As an investor, will you be able to ask questions on the shareholders meeting, like for example what are their plans about Linux support?-)

I second the point about AMD. They are going to grow even more especially when their competition with Nvidia will intensify. At least they have pretty good potential for it, but in practice anything can happen.
With 10k to invest I doubt that having one in a million of the ownership will give me much voice to get it heard!

I agree with AMD, it might soar again on another level this time. My only issue with AMD is a moral one, as I smell that the spying device integrated in this Ryzen brand might be as evil as Intel ME...
 
All my opinions, not investment advice.

Pre covid cdpr was holding steady at $20/share, it has only gone up since. I had hoped to also buy shares but ran out of funds preparing for covid here in the u.s.
I feel like cdpr is a good investment for at least 2 - 3 years and I would be buying it if my current situation allowed.
 
All my opinions, not investment advice.

Pre covid cdpr was holding steady at $20/share, it has only gone up since. I had hoped to also buy shares but ran out of funds preparing for covid here in the u.s.
I feel like cdpr is a good investment for at least 2 - 3 years and I would be buying it if my current situation allowed.
Just as a reference. Now cdpr is $112/share.
Damn I wish I wasnt covid poor and invested at less than $25 lol.
 
I recommend taking a look at the full set of notes accompanying the latest quarterly financial report.

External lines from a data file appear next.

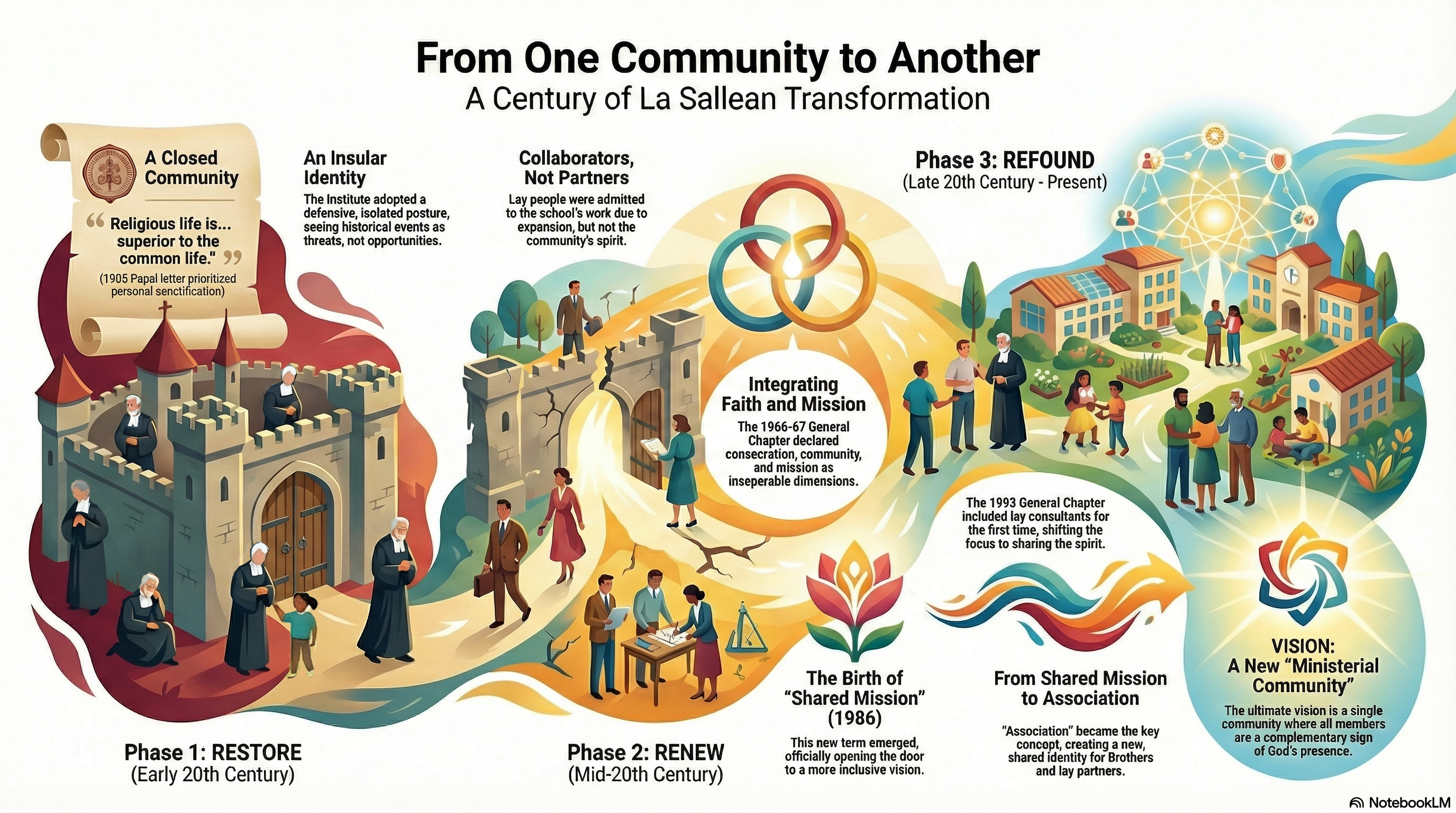 To accompany the reading of the two volumes of his work “From One Community to Another” (Lasallian Studies No. 19), Brother Pedro María Gil, who belongs to the Arlep District (La Salle in Spain and Portugal), has shared some infographics produced using Artificial Intelligence.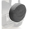 Rampage 773215 Black Denim Spare Tire Cover: Automotive. This spare tire cover protects the spare tire from getting damaged in the sun rays. Rampage Black Denim Spare Tire Cover is designed to protect the spare tire from various elements. This spare tire cover is made from durable vinyl with soft lining and is water resistant. It is custom designed to fit all spare tires. It features elastomeric edging that ensures snug fit.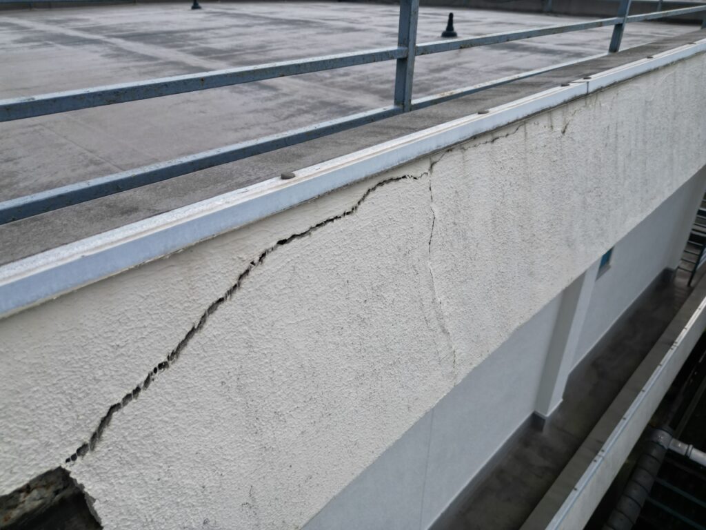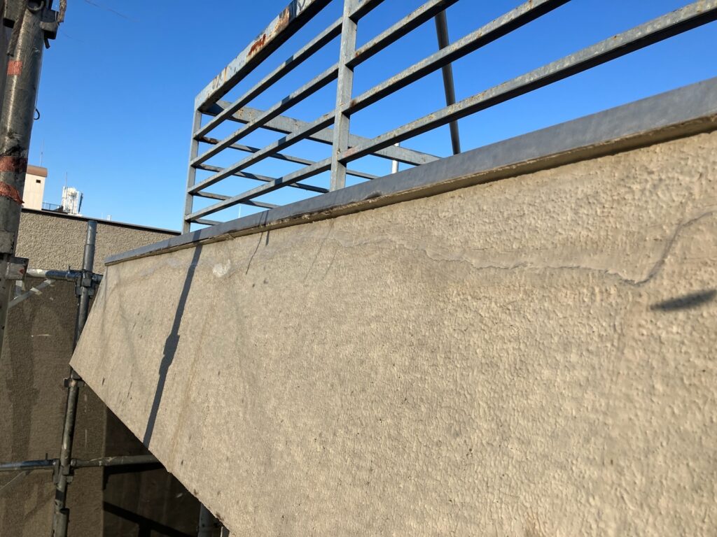 「屋上バルコニーの壁が崩れ落ちてきた」とお客様から緊急のご連絡をいただきました。

My quick take on it, after a fairly superficial reading, is that the company's revenue sources are becoming more diversified over time, with GOG and spin-off projects (e.g., Gwent) becoming meaningful earners. I suspect that's a big part of the reason that the price / earnings ratio has increased. The balance sheet is strong -- in fact, I'd say that they have too much liquidity for my tastes; although a lot of that might be in preparation for contingencies related to the CP2077 release. Little to no revenue related to CP2077 itself has been included in earnings to date -- it's sitting as the biggest liability on the balance sheet. That liability will substantially disappear when the game is released.